The term Benefits Assurance was coined [note 1] to describe new ways of coping with the uncertainty inherent in e-change projects. The focus of Benefits Assurance is the delivery of a beneficial outcome acceptable to the organisation's stakeholders whilst explicitly acknowledging the need to accommodate and control the intrinsic risks that the project involves.
Benefits Assurance recognises that benefits and risk are flip-sides of the same change coin. Understanding the type of change being conceived by the project is therefore fundamental to getting a grip on the inherent uncertainty and constructing a project process that allows it to be managed pro-actively.
Benefits Assurance can be seen as an analogue of Quality Assurance. Just as the latter is about creating a project environment that can assure that the deliverables of the project are produced as specified and planned, so then should Benefits Assurance be about creating the environment that can assure the delivery of the business benefits of the project. Quality Assurance is a whole lifecycle concept and, by analogy, we argue that this applies also to Benefits Assurance.

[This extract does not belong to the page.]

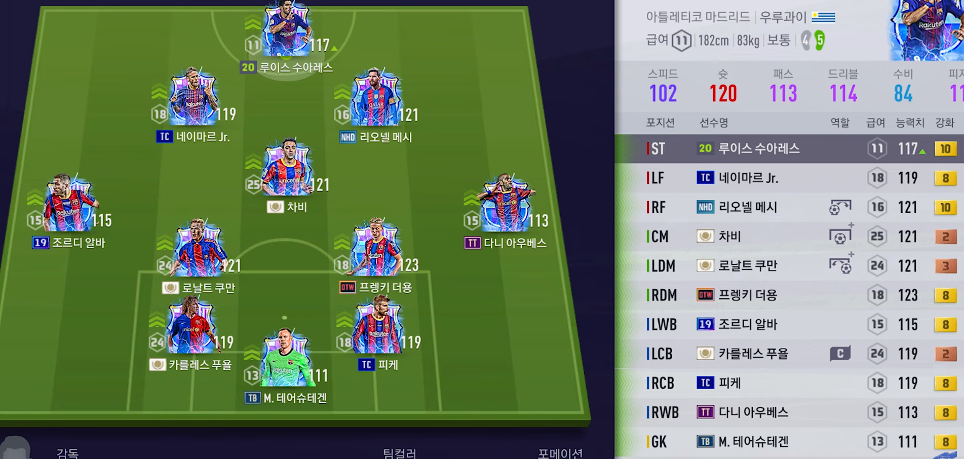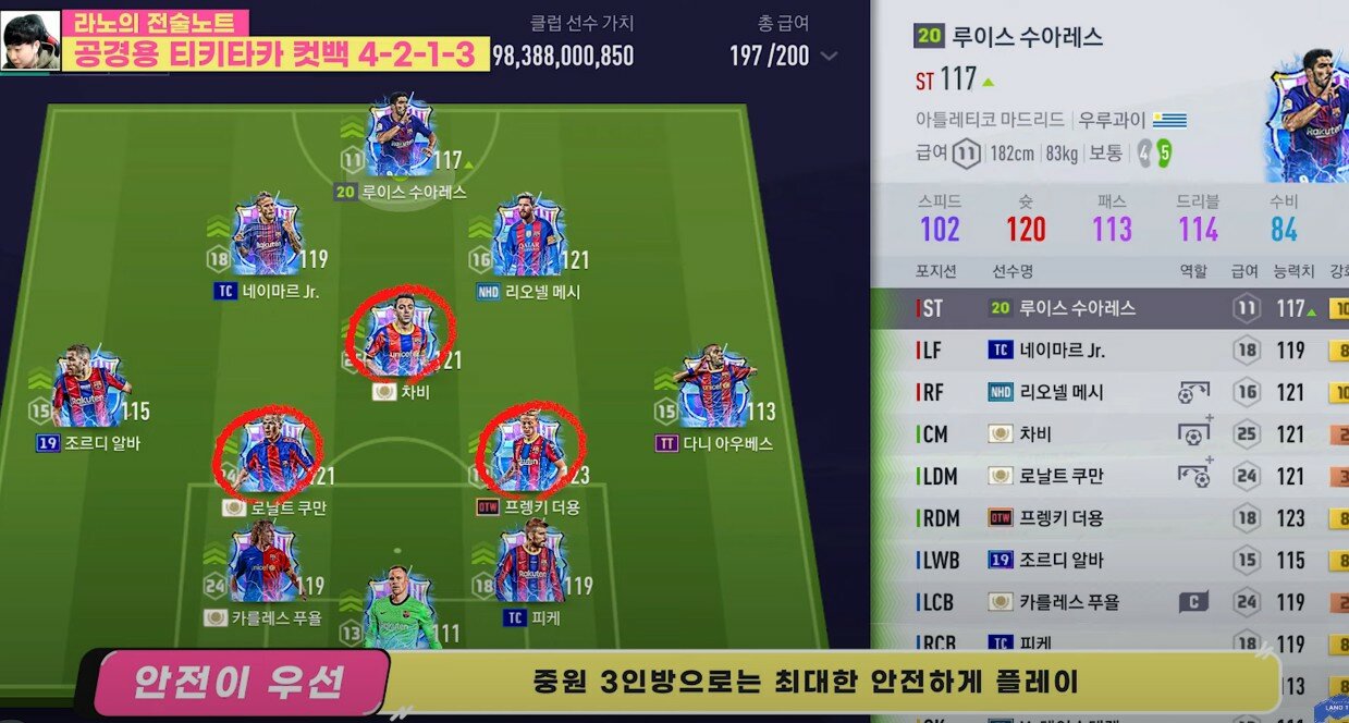 Bộ ba tiền vệ giữa sân sử dụng tới hai cái tên mùa giải ICON. Và không có sự tham gia của Busquet, tiền vệ người Tây Ban Nha có chiều cao tốt nhưng khá ì trong di chuyển, trong khi ba cái tên khoanh tròn phía trên lại đảm bảo đội hình được di động liên tục, điều cốt yếu khi vận dụng tiki-taka.

Benefits Assurance is a project management process that complements the more traditional forms of project management planning, monitoring and control. The Benefits Assurance process supports the full lifecycle of a project from conception through planning, execution and monitoring to implementation and review. It consists of a set of activities supported by techniques that extend the traditional project manager’s ‘toolkit’ and is essentially a tool for project control. Standard project management theory and practice tends to emphasise the activities of a programme at the expense of its purpose. Benefits Assurance provides a counter-balance by providing the means to maintain a focus on the goal of benefits realisation throughout the project.